Assessing your content by different sections (e.g. blog, success stories page, knowledge base) is important to understand which channels on your site are performing best in terms of traffic, engagement and other metrics. This information can be valuable for improving your marketing funnel and defining the right goals for each channel.
Sometimes you may also need to analyze a set of pages you’ve published as part of a specific campaign to understand how it performed and compare it to similar projects. Checking each URL manually is quite time consuming, but the Content Audit can help facilitate the process.
How can this be done?
- Set up a Content Audit for your domain.
- Connect Google Analytics and Google Search Console if you want to track user behavior metrics (sessions, bounce rate, etc.) and search queries your article is ranking for.
- Create a customized content set in the “Content Sets” tab by clicking on the “Add Set” button. You can manually define a name for this set.
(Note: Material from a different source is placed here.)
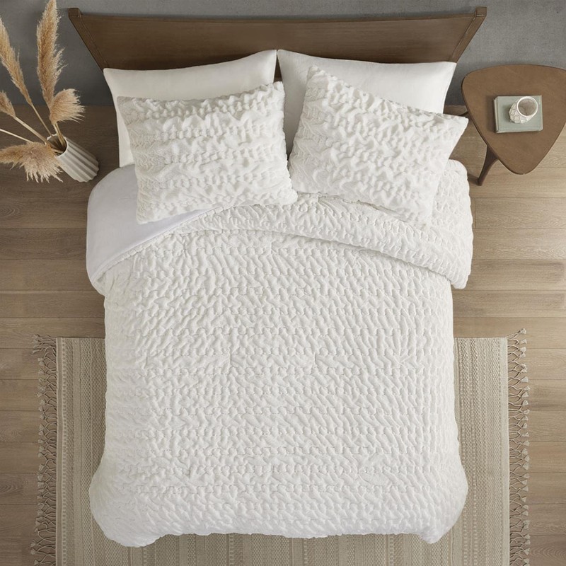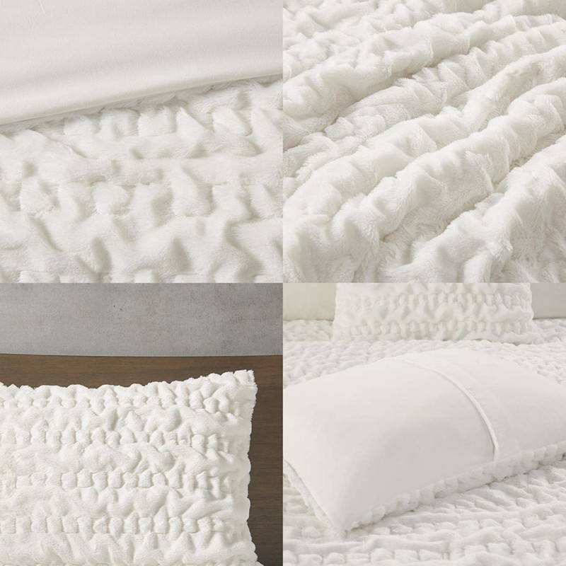 • The Madison Park Blair comforter combines plush faux fur with a stylish ruched design and solid microfiber reverse for year-round luxury. For best results, use "no heat" or "air fluff" on your dryer to remove loose fibers

- Choose the subfolders you need to audit.
- Determine additional parameters by which you want to group your set of pages, if necessary. For example, if you want to find the best guides in terms of social media shares: select the subfolder /guide, then define the required number of shares in the list of metrics.
- Hit “Apply Changes” and SEMrush will find the content in the subfolder you have selected and based on the metrics you picked.
Further steps depend on which subfolders you were auditing:
- If you looked into your blog you might find articles to update, rewrite or optimize. You can also sort the audit results by different performance criteria to find top articles, headlines or authors.
- For a Knowledge Base, the most important metric is the last update (if you are a SaaS product, it’s absolutely crucial to review all the articles at least every 6 months).
- If you were looking at the News section, there might be old items that are still driving a lot of traffic and social shares, so you should consider repurposing this content (for example, by turning them into blog articles).
And of course you can always find articles no one remembers that are still on your website. If this content is not relevant for users and has no growth potential in terms of your business metrics, then it’s time to take out the rubbish.